Me has dado versos que no pido,
perdiendo besos que no doy.
Pondré mis bocas a la venta
bajo la sombra de un besar.
¿Sabes como versarme,
pintalabial y viva?
Prefiero detenerme así: al intento.
Pintalabial,
¿aprecias un paisaje
de versos y mentiras?
Dame los versos que ni pido,
pídeme besos que no doy.
Pondré a la venta cuatro versos
que nunca ayudan —nunca— nada.
Hay versos que incomodan
y besos condesordenantes.
¿Me quieres al besar?
Ya sabes que el berrinche
no da ningún abasto. ¿O sí?
¿El de otros, o ninguno?
Íntimo el beso disonante,
su brecha, bilabial y consensual,
desemboca en mi boca preferida.
Sí, hay versos que se me hacen en desorden.

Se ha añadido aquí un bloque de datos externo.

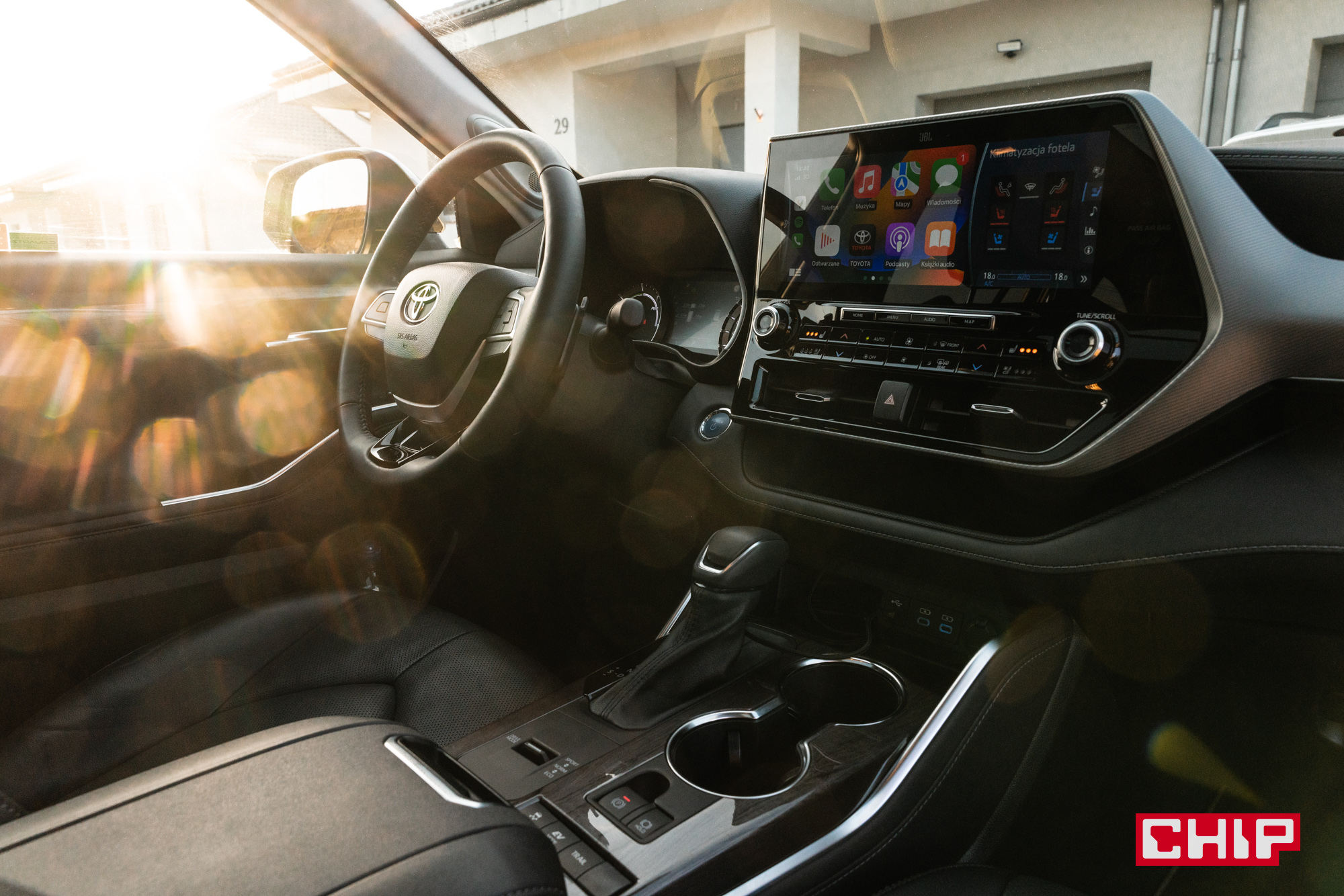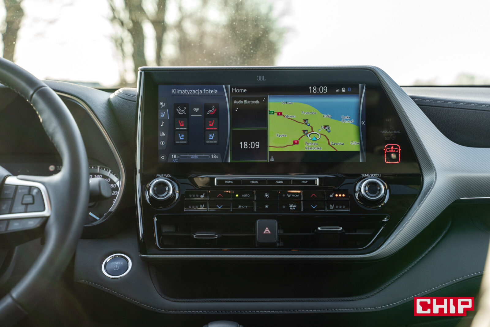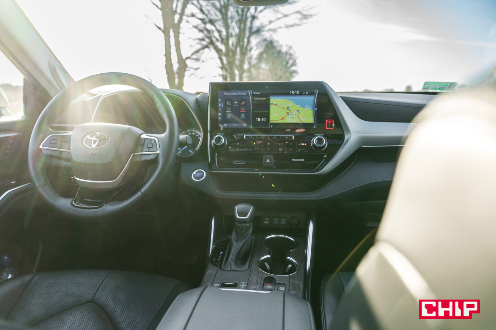Highlander na pewno zasługuje za to na pochwałę za wszechobecne przyciski. Wszystkie kluczowe funkcje, do których sięgamy po wielokroć każdego dnia – klimatyzacja, podgrzewanie/wentylowanie foteli, przełączanie menu, etc. – mamy dostępne pod ręką w formie przełączników na tyle dużych, że łatwo w nie trafić nawet w czasie jazdy i to nosząc rękawiczki. Dobrze, że tego modelu nie dopadła jeszcze głupia moda na obsługę wszystkiego ekranem czy przyciskami pojemnościowymi, co jest nie tylko niewygodne, ale też niebezpieczne w czasie jazdy.
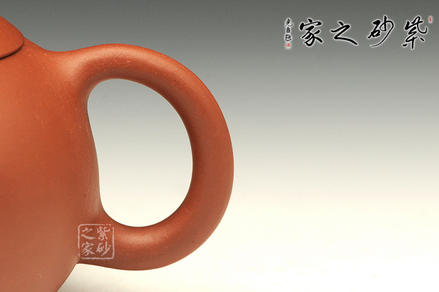 紅泥礦氧化鐵含量較高,優(yōu)者光潔明亮,橙中略見(jiàn)紅光,熱淋變色率較大,愈用愈紅;泡養(yǎng)一段時(shí)日,令人刮目相看。西施壺,傳統(tǒng)器型,全手工精制,精選原礦朱泥拍打而成;泥質(zhì)細(xì)膩,光韻流轉(zhuǎn)之間見(jiàn)光滑的膚質(zhì),甚是迷人。圓潤(rùn)的壺身,截蓋設(shè)計(jì),圓溜溜的的子。短短的翹嘴,直爽中透露出幾分嬌憨。倒把重心下沉,把底與壺嘴兩兩相望,意蘊(yùn)悠長(zhǎng)。此壺大小適宜,簡(jiǎn)約卻不簡(jiǎn)單, 令人玩味無(wú)窮。
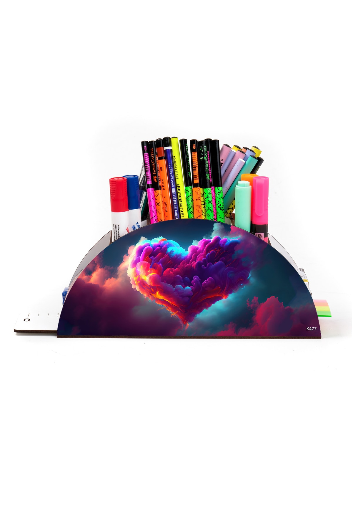 Ahşap Vip Çeşitli Model Gökkuşağı Cetvelli Masaüstü Kalemlik Organizer Montajlı Kutulu
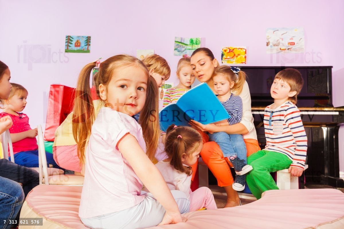 Portrait of little girl with ponytails sit among group of kids listening to teacher nurse reading book and telling storiesLoading purchase options...
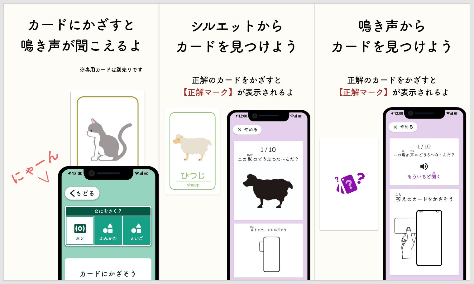 カードにスマートフォンをかざすと音が出る。直感的だけれども「面白い」動作によって、楽しくカードで遊ぶことができます。

Si sabes que no te pido pan y agua,
¿cómo sabes que no te pido versos
bajo las sombras de besares?
Adán anduvo paraísos
en busca de sus bocas.
Eva versó serpientes siendo Adán.
Adanes somos siendo la culpa de sus versos.
La verdad, he serpenteado
sabiendo (¿o no?) de sus versares.
¿Aprecias de verdad la vida,
pintalabial consciente
de versos y patrañas?
Dame el verso que te he pedido,
pide-besos que no daré.
Atiéndeme de versos,
dulzor, ya sabes qué versar.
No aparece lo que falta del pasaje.